I have always admitted, I’m not (a real) an expert
writer. I’m just a guy slapping words down one after the other, clearing out
space in my head and, hopefully, building a bridge to conversation.
If you’ve been one of the near-daily readers of the Still
Standing series or The Ex4mined Life… Thank you. It will always mean more
than you probably realize.
There are more stories. Some very sensitive, many not
quirky; stories that didn’t quite fit into Volumes 1–7. These tales made me stop and ask: Why am I
still here? Is there a bigger purpose? Is there a reason I’ve made it
through some of this? Part of me hopes I don’t find out anytime soon.
I do know this much: the willingness to take chances…
to be bold… to step into things… goes back to my time at Rockhurst. Jesuit college
prep education in the Midwest. They told us we were going to be
something—doctors, lawyers, captains of industry, maybe even senators. Take chances. Don't settle for mediocrity! We will not get anywhere in life if we do, Esto Vir (be a man)!

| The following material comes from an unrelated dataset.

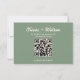 Cartão de Gabinete RSVP de Código QR de Casamento Verde Sage | Elegante Greenery Digital Reply Simplifique seu planejamento de casamento com nossa elegante placa de gabinete RSVP de código QR de casamento verde Sage! Este cartão apresenta belos sotaques verdes verdes, sagazes, acrescentando um toque sereno e sofisticado à sua suíte de casamento. A inclusão de um código QR oferece aos seus convidados uma maneira conveniente e moderna de RSVP digitalmente, fazer o processo de resposta sem esforço para todos. Este cartão verde RSVP é perfeito para casais que apreciam elegância clássica e eficiência moderna. Os calmantes tons verdes de sábio e as delicadas ilustrações botânicas evocam jardins exuberantes e uma estética eterno, ideal para jardins, rupias ou casamentos contemporâneos. Ao direcionar convidados para seu site de casamento ou um formulário de RSVP on-line dedicado por meio do código QR, você simplificará as respostas de rastreamento e coletará todos os detalhes necessários sem problemas. Personalize facilmente esta placa de gabinete RSVP de código QR com o URL do seu site de casamento e quaisquer instruções específicas para os seus convidados. Você pode personalizar as fontes e o layout para combinar perfeitamente com seus convites principais de casamento. Impresso em estoque de cartão de alta qualidade, este cartão complementará seu pacote de artigos de papelaria lindamente. Coordene estas bonitas Cartões de Gabinete RSVP de Código QR de Casamento Verde Sage com os seus principais convites, cartas de agradecimento e outras papelaria de casamento para uma celebração perfeitamente coesa e memorável. Clique em "Personalizar agora" para personalizar sua placa de gabinete RSVP de código QR de casamento verde Sage e simplificar seu gerenciamento de convidados! Sage green QR RSVP, cartão de resposta elegante de verde, RSVP de casamento digital, casamento com código QR personalizado, gabinete verde moderno, RSVP de casamento botânico, cartão verde-sábio online RSVP, papelaria de casamento verde-verde, resposta de código QR

In my case, I didn’t have money. I didn’t have status.
I was lost amongst the silver spoons. But I had a spine. And when you’re young,
broke, and just a little bit dumb… You feel invincible!
Until you don’t.
I was still at Rockhurst when I came
face-to-face with that reality. Like a lot of stories by professional authors
begin with, it was a dark and stormy night. A girl I had taken to a dance, Jackie Q,
was performing at Ward Parkway Shopping Center. My younger sister wanted to go.
I had just cashed my first real paycheck—over $600 after a grocery supermarkey strike.
We had no car. So, we walked. Rain was coming down. And then—out of nowhere— two
guys stepped in front of us.
“Give us your money!”
I wasn’t handing that over easily. Not my first
paycheck. Not like that.
There was some fast talking. Some stalling. A little
resistance. And then—a gun barrel was pressed against my forehead.
“Do you think we’re joking?”
That’s the moment everything changes. Fast. Clear. Real.
Yet, somehow… I said the only thing I could think of: “I don’t… but maybe you
can tell it to the police who just pulled up.”
There were bright headlights behind them. They turned
and ran.
It wasn’t the police. Just neighbors. People who
barely knew us… stopping to see if we were okay. At that moment? We were.
I made it to the bank. We saw the performance. I don’t
think I ever spoke to Jackie again. Funny how life works like that. It was a moment where life is “literally short,” and I don’t want to spend the rest of it with you! She didn't know it, but she almost got us killed!
The money didn’t last long. About a week later, my
estranged stepfather called. Desperate. In trouble, as usual. A friend and I
drove to pick him up. The place we found him in… wasn’t great. When we got to his
floor, he was being dragged down a hallway, with a knife at his throat.
Again—no plan. No qualifications. Just stepping into
something that needed handling. That one ended differently, too. We got him
out. Safe. But something shifted in me (and in my friend, Greg A).
In that two-week span, I had a gun to my head and
watched a knife at someone else’s throat. At 15 years old… that does something
to you. The money I fought to keep? I gave it to him to get him out of our
lives. A bus ticket to St. Louis. A
chance to start over. And just like that,
a piece of whatever innocence was left… was gone.
When I look back at Volumes 1 through 7, the pranks,
the risks, the “this seems fine” moments, I see them differently today. After you’ve stared down something real and survived, you don’t experience fear the same way.
Perhaps that’s why there’s never been a moment that
felt too big! Once again, I am still
standing; my body is still tilted in multiple directions. After this last epiphany, I am still trying
to make sense of it all, but it is finally starting to add up.